Concernant les chiffres actuels, trois grandes réactions ont été observées sur les réseaux sociaux (les éléments suivants sont un résumé des posts et commentaires présentés dans les reportages, ainsi que des points de discussion qui se sont facilement propagés autour d'eux. Ce n'est pas une enquête exhaustive).


A) Le camp "l'emploi s'est “stabilisé”" (flatline)

L'expression "la croissance de l'emploi est presque à plat" utilisée par Sojourner dans son post a été facilement citée et diffusée en raison de sa concision et de sa force.
L'intérêt de ce groupe se porte moins sur "le taux de chômage a-t-il augmenté" que sur "une société où de nouveaux emplois ne sont pas créés va-t-elle perdurer".
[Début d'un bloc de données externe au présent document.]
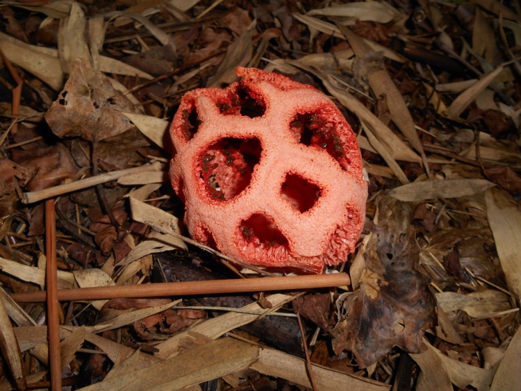 Tijdens bezigheden in de tuin vandaag werd mijn aandacht getrokken door een aasgeur. Meestal ligt er dan ergens een dode kikker of vogel te stinken. Bij een nadere inspectie bleek de oorzaak echter een drietal knaloranje vruchtlichamen van de traliestinkzwam (Clathrus ruber) een exotische fungus die thuishoort in de subtropen, maar die in Nederland steeds vaker opduikt. Hier in de tuin groeit deze zwam op de plek waar vorig jaar Fargesia scabrida is gerooid om plaats te maken voor een Trachycarpus wagnerianus. De gesnoeide bamboehalmen zijn toen verhakseld en rondom de palm gestrooid. Van de traliestinkzwam wordt gezegd dat deze een 'liaison' heeft met 'zwarte bamboe'. Blijkbaar neemt deze ook genoegen met een andere soort.

B) Le camp "pas d'envie d'embaucher = pas de possibilité de changer de travail" (ressenti économique)

Les personnes qui se concentrent davantage sur la manière dont les offres d'emploi sont publiées et la réticence à embaucher que sur le “taux de chômage” statistique.
Les points de discussion qui se développent facilement incluent "ceux qui travaillent actuellement sont protégés, mais si le marché du travail se refroidit, les opportunités d'augmentation de salaire diminuent" et "les jeunes, les nouveaux diplômés et ceux en réinsertion professionnelle sont en difficulté".


C) Le camp "si les salaires augmentent quand même, c'est acceptable" (inflation et protection du niveau de vie)

Ceux qui se concentrent sur la croissance des salaires moyens (3,8% en glissement annuel) et qui pensent que "si les salaires peuvent battre l'inflation, ce n'est pas une récession".
Cependant, à l'inverse, des contre-arguments émergent facilement, tels que "si les salaires restent élevés, la baisse des taux d'intérêt sera retardée, ce qui rendra les prêts hypothécaires et les emprunts difficiles".



Les points d'attention pour l'avenir : 2026 sera-t-elle marquée par un "effondrement" ou un "vol à basse altitude" ?

Les points d'attention pour l'avenir sont simples.

  1. Le chômage de longue durée et les “temps partiels involontaires” vont-ils encore augmenter(détérioration de la qualité de l'emploi)

  2. La faiblesse des secteurs sensibles à la conjoncture, comme le commerce de détail et la fabrication, va-t-elle s'étendre(point de départ de la propagation)

  3. Les salaires vont-ils continuer à rester élevés(tiraillement entre l'inflation et la politique monétaire)

  4. Révisions des benchmarks statistiques passés(la situation pourrait avoir été plus faible qu'elle n'y paraît, ce qui pourrait se révéler plus tard)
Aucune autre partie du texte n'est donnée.